A hosting service provider has very little control over the services running on the physical and virtual servers running in the data center, and while one might hope that the customers carefully configure and monitor their DNS servers, the reality is that there are many openly accessible DNS servers. Using the network switches to monitor DNS operations is an attractive option, offering an agentless method of detecting and monitoring DNS servers wherever they are in the data center.

The sFlow standard is well suited to this task:
  1. sFlow is widely supported in physical and virtual switches
  2. sFlow is embedded within switch hardware and can be enabled in high traffic production networks without impacting performance.
  3. sFlow is scaleable, a single software analyzer can monitor hundreds of switches and tens of thousands of switch ports to deliver network wide visibility
  4. sFlow exports packet headers, allowing sFlow analysis software to perform deep packet inspection and report on DNS operations.
In the following example, a single instance of sFlow-RT is monitoring 7500 switch ports in a data center network.

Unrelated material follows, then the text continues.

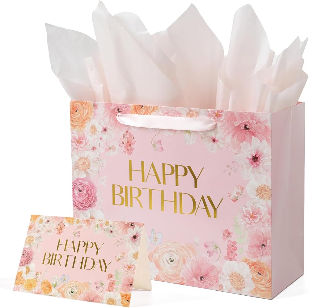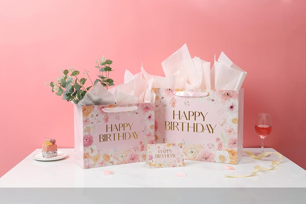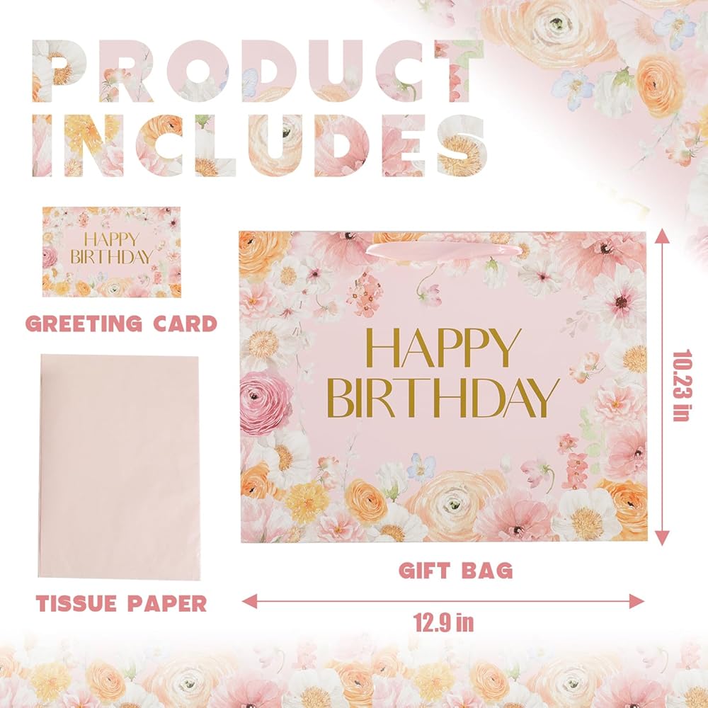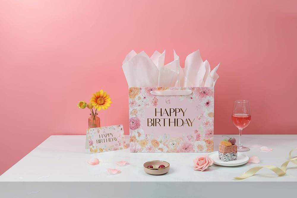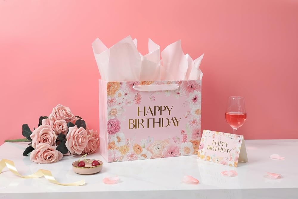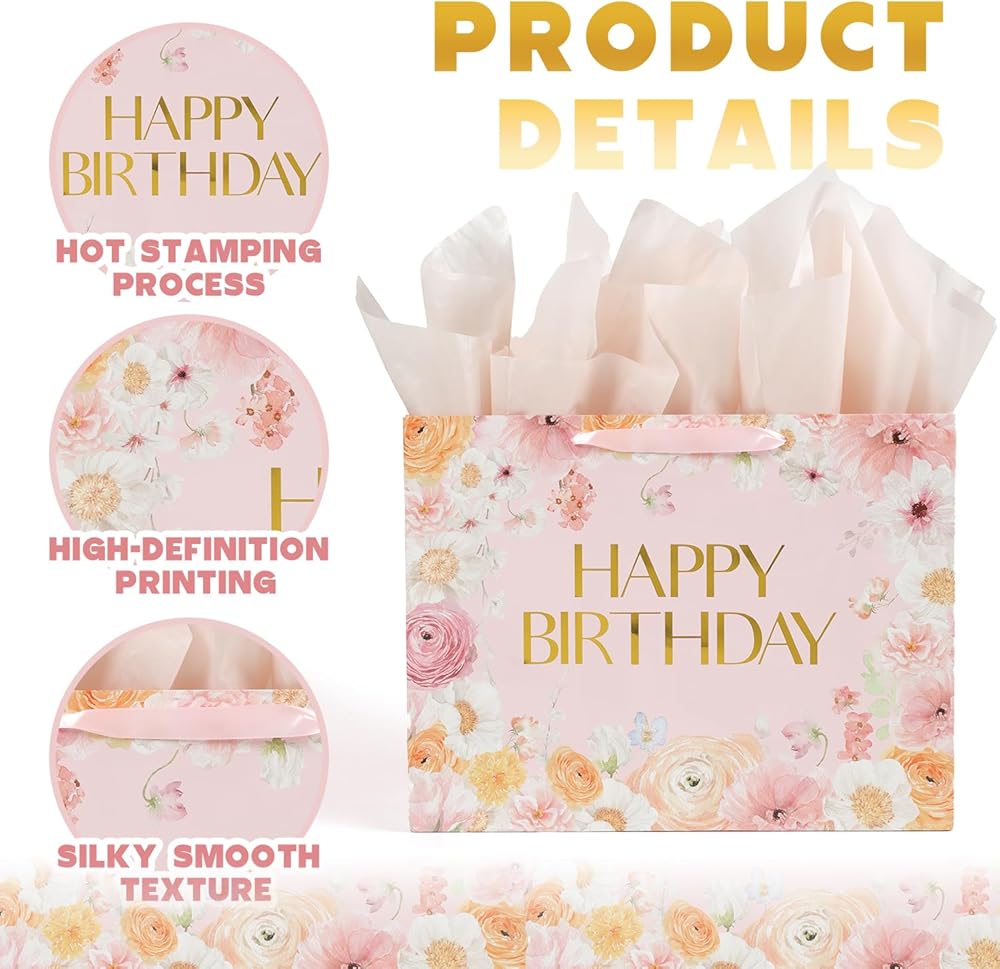 • [تصميم مميز] تتميز حقيبة الهدايا بتصميم رائع. خلفيتها الوردية الساحرة تثير صورة حقل من الزهور البرية. إضافة إلى أناقتها ، فإن عبارة "عيد ميلاد سعيد" ساخنة بشكل جميل - مختوم بالذهب ، وتشرب الحقيبة مع رغبات القلبية وبركاته الطيبة.

The following DNS attributes are extracted from the sFlow packet samples and can be included in flow definitions, or as filters:

DescriptionNameExample
request=false, response=truednsqrfalse
op codednsopcode0
authoritative answerdnsaafalse
truncateddnstcfalse
recursion desireddnsrdfalse
recursion availablednsratrue
reserveddnsz0
response codednsrcode0
number of entries in questiondnsqdcount1
number of entries in answerdnsancount0
number of entries in name server sectiondnsnscount0
number of entries in resources sectiondnsarcount0
domain name in querydnsqnameyahoo.com.
query type codednsqtype15
query type namednsqtypenameMX(15)
query classdnsqclass1

The following flow definitions were created using sFlow-RT's embedded scripting API:
// track DNS query types
setFlow('dnsqueries',
  {keys:'dnsqtypename',value:'frames',filter:'dnsqr=false',t:20});

// track DNS query domains for ANY(15) queries
setFlow('dnsqany',
  {keys:'dnsqname', value:'frames', filter:'dnsqr=false&dnsqtype=255',t:20});

// track total DNS request rate for ANY(15) queries
setFlow('dnsqanytot',
  {value:'frames', filter:'dnsqr=false&dnsqtype=255',t:20});
Alternatively, the flow definitions can be specified by making calls to the REST API using cURL:
curl -H "Content-Type:application/json" -X PUT --data "{keys:'dnsqtypename', value:'frames', filter:'dnsqr=false',t:20}" http://localhost:8008/flow/dnsqueries/json
Using the script API has a number of advantages: it ensures that flow definitions are automatically reinstated on a system restart, makes it easy to generate trend charts (for example the graphite() function sends metrics to Graphite for integration in performance dashboards) and to automate the response when DNS anomalies are detected (for example, using the syslog() function to send an alert or http() to access a REST API on a device or SDN controller to block the traffic)
The table above (http://localhost:8008/activeflows/ALL/dnsqueries/html?aggMode=sum) shows a continuously updating, real-time, view of the top DNS queries - a bit like the Linux top command, but applied to the active flows. The table shows that the fourth most frequent query is the ANY(255) query type.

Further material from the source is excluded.